Many music CDs had computer media content on them (Music videos and behind the scenes content) but for some reason they only work on old Macs now. Like the Barenaked Ladies - Shoebox E.P.
It's a bit sad but I remember all of them and some more... the 120MB floppies (also compatible with normal floppies, I remember some Compaq workstations had them), 2.88MB ED disks, MO disks (bigger than ZIPs) etc.
Once, the Latvian Ministry of Transport provided the Transport of Russia newspaper with non-classified data on an optical disk. For some time, attempts were taken to shove it into a zip drive, to no avail. Then the disk was identified, but in all of Russia there were only 4 devices for reading these disks. It was eventually read, but it was despicable on the part of the Latvian Ministry of Transport.

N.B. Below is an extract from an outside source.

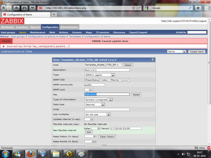 and i find what the problem is related to the chars in the "Key" that not admit the character: [ ] [/] [-], and the zabbix 1.8 admit at least [-] (dash) and [ ] (space) characters. I don't now how fix this problem and allow these characters. Any suggestion???

A thing on the PSP and UMDs as well: The console could play MP4 as well. As can the Vita.
In addition, I think some DVD rippers of the time actually offered PSP size output.
After many years as a technology and car enthusiast I've learned that if you want to sell a product the most important thing to care about in production is making it reliable and easy to use. Even if it is weaker in performance and more expensive than other competing products
I used *LS-120 disks* as they were nearly same size as 1.44 disks but held *120mb* installed into a PC the drive itself could also read normal disks.
I like when the Anthony talks. Also, this is the time to pick up those UMDs and other PSP stuff if anyone is interested in collecting.
Yes, absolutely! And, more weird tech stuff from the past in general!
Call me Old, but I used to use ZIP disk and Mini Disc, infact if not mistaken, I have almost 50 blank MDs, having fun recording those TV theme song into them.
3.5" floppy discs were, of course, floppy. They were encased in a hard case but the disc itself was floppy. Saying it wasn't a floppy disc is like saying a CD-ROM inside a caddy isn't optical media.
I used to have an LS-120 drive. I was surprised you didn't cover that one.
One thing since he mentioned the fact that 3½" floppy disks aren't floppy. People were unsurprisingly confused by the 3½" floppy disk being called a floppy disk due to its hard plastic enclosure. It was really named based on the flexible disk inside the enclosure. The names have always been about the disk-shaped storage mediums, from 5¼ to the hard disk drives, not their enclosures. I think the confusion is because the measurements of these disks are the enclosure measurements, not the measurements of the storage medium itself, so some people see the enclosure as the disk itself. Even CDs used to have protective enclosures that were inserted like floppy disks, once upon a time; but, again, the enclosure wasn't the CD, it was just a protective enclosure for the CD.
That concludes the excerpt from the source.